Excerpted data:
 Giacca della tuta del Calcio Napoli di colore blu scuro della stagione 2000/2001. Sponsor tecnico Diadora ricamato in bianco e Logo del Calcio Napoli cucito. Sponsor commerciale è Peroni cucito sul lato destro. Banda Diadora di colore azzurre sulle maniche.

==

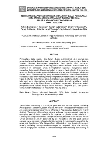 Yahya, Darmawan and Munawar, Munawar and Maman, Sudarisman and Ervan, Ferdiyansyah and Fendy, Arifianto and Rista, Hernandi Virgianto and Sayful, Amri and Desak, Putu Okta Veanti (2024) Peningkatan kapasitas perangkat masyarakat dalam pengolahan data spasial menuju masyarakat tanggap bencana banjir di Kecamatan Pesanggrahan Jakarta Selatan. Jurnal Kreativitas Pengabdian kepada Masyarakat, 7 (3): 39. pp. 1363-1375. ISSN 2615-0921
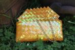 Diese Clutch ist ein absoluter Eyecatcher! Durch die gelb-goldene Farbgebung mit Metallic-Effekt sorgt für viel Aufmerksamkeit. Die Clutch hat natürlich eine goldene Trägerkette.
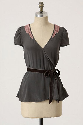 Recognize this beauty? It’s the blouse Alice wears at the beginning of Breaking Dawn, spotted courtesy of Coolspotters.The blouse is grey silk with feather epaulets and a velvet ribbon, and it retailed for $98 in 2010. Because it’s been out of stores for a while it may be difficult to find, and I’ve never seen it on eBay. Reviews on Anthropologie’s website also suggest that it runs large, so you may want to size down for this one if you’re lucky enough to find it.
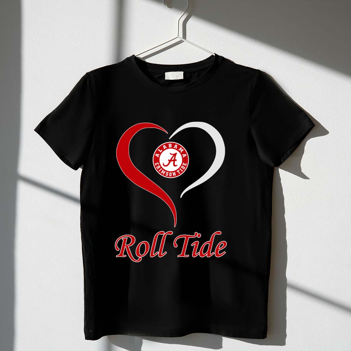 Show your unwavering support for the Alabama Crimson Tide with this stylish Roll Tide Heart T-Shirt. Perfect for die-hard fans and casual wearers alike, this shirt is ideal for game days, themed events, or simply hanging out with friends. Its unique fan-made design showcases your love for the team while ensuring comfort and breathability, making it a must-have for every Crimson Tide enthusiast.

What to work on: Pictures excluded, give again exactly and only the lines of the material above from the line with "Diese Clutch ist" through the line with "Recognize this beauty?".

Written response:
 Diese Clutch ist ein absoluter Eyecatcher! Durch die gelb-goldene Farbgebung mit Metallic-Effekt sorgt für viel Aufmerksamkeit. Die Clutch hat natürlich eine goldene Trägerkette.
 Recognize this beauty? It’s the blouse Alice wears at the beginning of Breaking Dawn, spotted courtesy of Coolspotters.The blouse is grey silk with feather epaulets and a velvet ribbon, and it retailed for $98 in 2010. Because it’s been out of stores for a while it may be difficult to find, and I’ve never seen it on eBay. Reviews on Anthropologie’s website also suggest that it runs large, so you may want to size down for this one if you’re lucky enough to find it.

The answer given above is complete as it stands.